Openness and sharing do not seem to be natural components of a commercially effective strategy, but that view is changing as new ways of working are spreading across the industry. The challenge of meeting regulatory demands, especially against a testing timeframe, has helped to focus minds and to ease many into the idea that collaboration is not necessarily a bad thing. Consequently, the example was set and the doors had been opened. So where could this collaboration take the industry and where should the most effort be applied?

Much work is being done, not least at FIS, on solutioning for the most economic match. This brings many more data aspects into the calculation than at any time previously, and the positive effects at the point of trade are obvious. However, many more benefits are to be gained from the post-trade impact of such advances. Effective matching at the point of trade using common taxonomies and regulatory compliant data fields eradicates the need for reconciliations and confirmations as we used to know them. Distributed ledgers ensure there is one (replicated) source of truth for transactions, not many.

Changing paradigms

Achieving the potential benefits to the market of improved post-trade management requires better data at the point of trade, but also improved system interoperability. The lack of interoperability between systems employed across the securities finance industry, both within and between market participants, used to be seen as an opportunity. Build an interface to XYZ system? Of course, that can be done. At a cost. With the advent of initiatives like the Common Domain Model (CDM), the days of such projects are numbered and the seamless exchange of data between systems, even from competing providers, is on the horizon.

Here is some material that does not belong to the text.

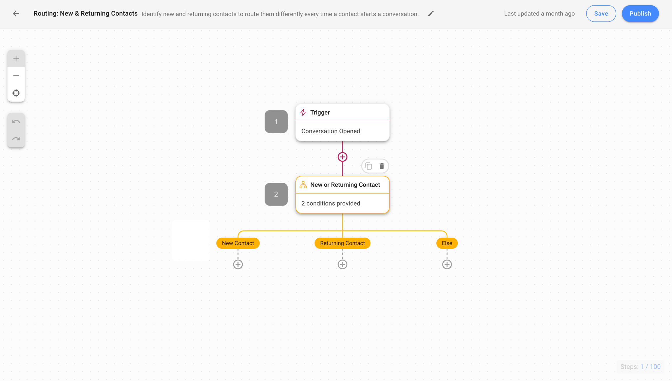 2. New or Returning Contact: This branch step checks if a Contact is new or returning and route them to different branches.

New generations of people entering the market struggle to understand such challenges — not the technical difficulty, but why they exist at all. Generationally, those coming into our industry expect interoperability as standard, which is largely due to a different approach to learning and teaching. The connection between this new approach and the educational shift from end-of-year individual exams to more coursework and team-based working and assessments cannot be coincidental.

Many of those on the panel were clear advocates of openness and sharing of ideas, all designed to move the community forward. Such phraseology may be foreign to some, but it represents new thinking from new entrants who are taking this approach to the way they work together. But don’t be fooled, these are also highly competitive people from very successful organisations — and that, in itself, is enough to warrant attention.

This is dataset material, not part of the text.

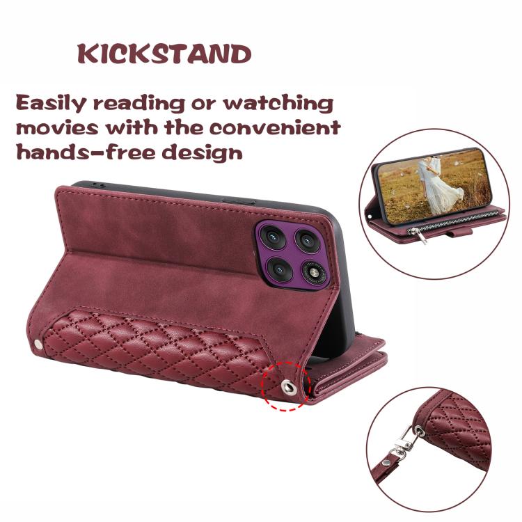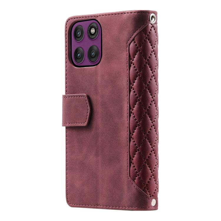 Funda de cuero con cremallera y cordón para Motorola Edge 60 Pro (rojo vino)

Working with the panellists, and on projects like CDM, helps to identify how organisations can be both open and competitive. Much of this has to do with mindset and having a more community-oriented focus. The advent of ESG, of course, is another outcome of such changes in attitude. Inefficiencies in processes and markets used to appear as opportunities. Now they are simply viewed as inefficiencies that benefit no one and harm all those in that market. It is this separation that is the key and motivation behind collaborative sharing amongst competitive organisations.

Few organisations will prosper by sharing their hard-earned intellectual property, but all market participants can benefit from solving a shared problem that costs everyone. The advance of open source technologies, promoted by large commercially successful organisations, are showing the way forward. Many industry paradigms are changing and, instead of finding ways to defend the old ways of doing things, those looking forward longer term understand that attempting to hold back the tide will be a mistake.

Looking back to SFTR, no organisation around those working group tables shared trading positions or strategies. However, they were completely open to sharing, for example, the challenges of trade reconciliations and the breaks that exist across datasets. It was not the intellectual property that was shared, but the interest in solving common issues. Taking that attitude and applying it to broader market inefficiencies is the way forward, integrating new technologies such as digital assets and tokenisation but without trying to superimpose them on old models of business.

All that remains is to ask how much you are willing to give away in order to get ahead?